Work order:
Using the entries that follow, transcribe only the lines from the line with "puzzle 200 dílků" to the line with "Konsolė 91x30x88cm, juodos", both included, exactly as they stand and without pictures.

Records provided:
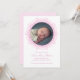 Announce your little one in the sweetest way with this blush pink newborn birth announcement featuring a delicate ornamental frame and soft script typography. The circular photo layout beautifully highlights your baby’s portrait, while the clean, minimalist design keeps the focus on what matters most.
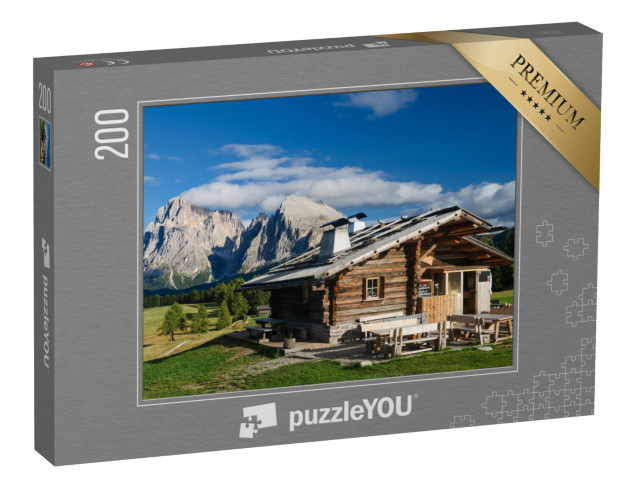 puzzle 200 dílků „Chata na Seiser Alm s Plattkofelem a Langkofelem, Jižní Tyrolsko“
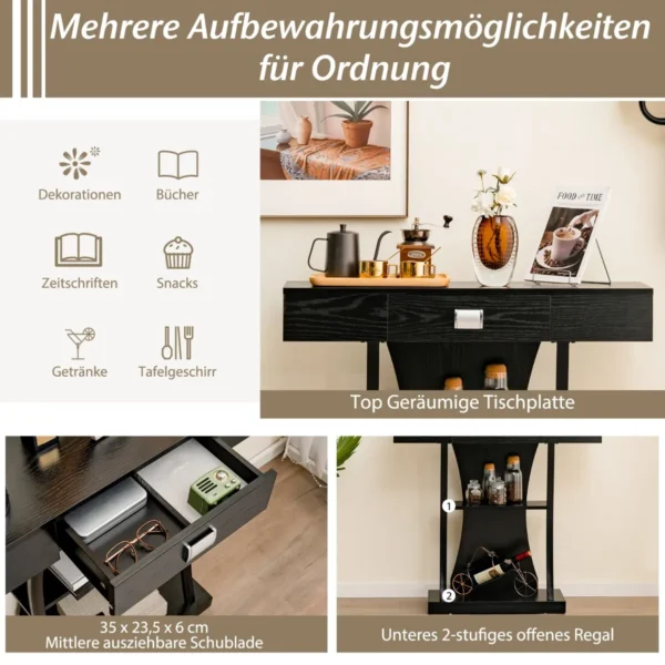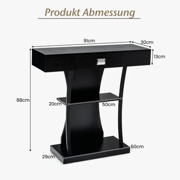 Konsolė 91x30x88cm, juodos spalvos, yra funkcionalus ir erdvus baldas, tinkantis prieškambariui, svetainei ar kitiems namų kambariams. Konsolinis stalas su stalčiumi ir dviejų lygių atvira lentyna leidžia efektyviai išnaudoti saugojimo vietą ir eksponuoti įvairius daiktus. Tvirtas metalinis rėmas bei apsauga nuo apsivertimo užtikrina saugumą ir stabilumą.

==

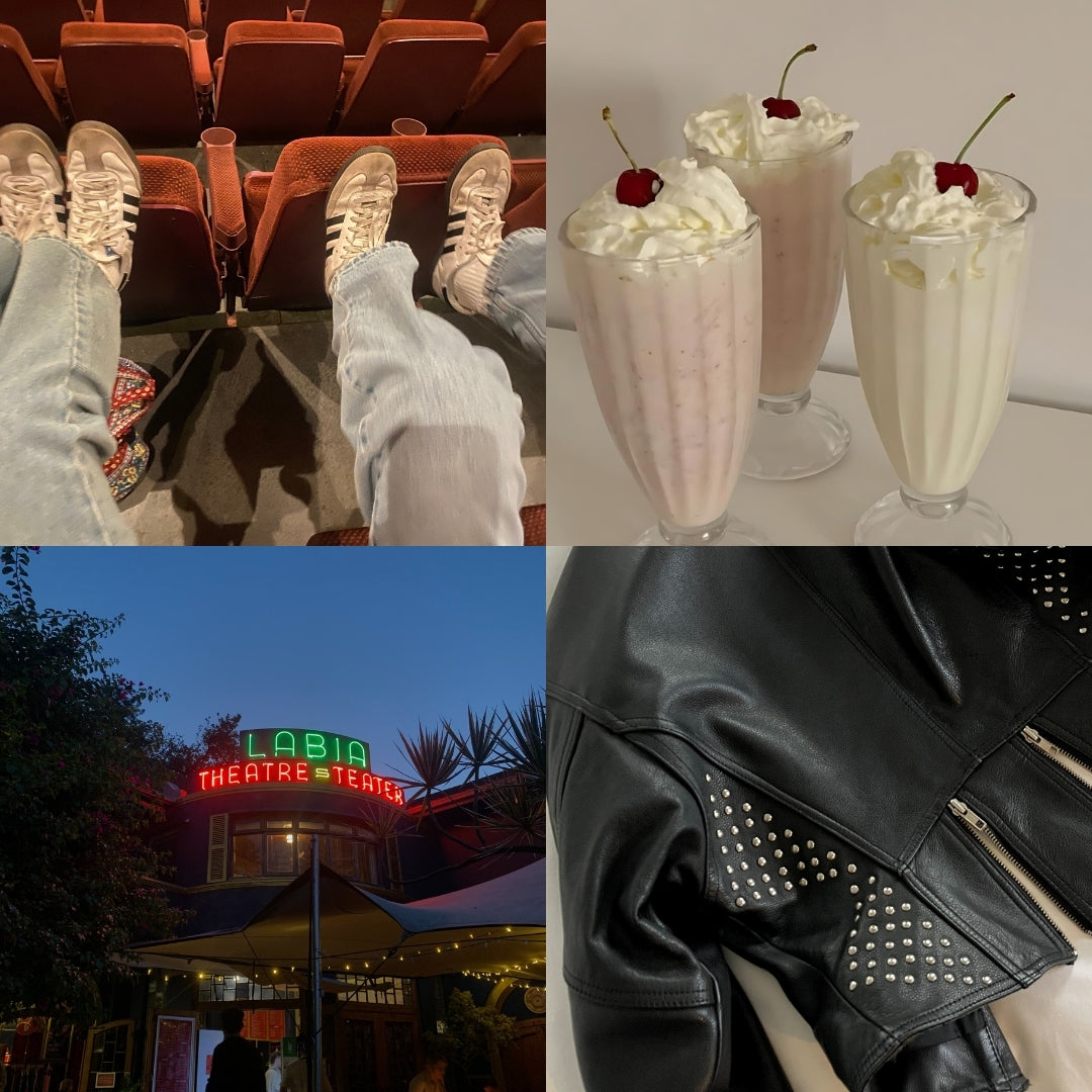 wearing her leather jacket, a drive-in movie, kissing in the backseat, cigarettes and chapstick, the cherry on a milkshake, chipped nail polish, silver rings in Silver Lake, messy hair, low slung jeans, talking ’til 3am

Exercise solution:
 puzzle 200 dílků „Chata na Seiser Alm s Plattkofelem a Langkofelem, Jižní Tyrolsko“
 Konsolė 91x30x88cm, juodos spalvos, yra funkcionalus ir erdvus baldas, tinkantis prieškambariui, svetainei ar kitiems namų kambariams. Konsolinis stalas su stalčiumi ir dviejų lygių atvira lentyna leidžia efektyviai išnaudoti saugojimo vietą ir eksponuoti įvairius daiktus. Tvirtas metalinis rėmas bei apsauga nuo apsivertimo užtikrina saugumą ir stabilumą.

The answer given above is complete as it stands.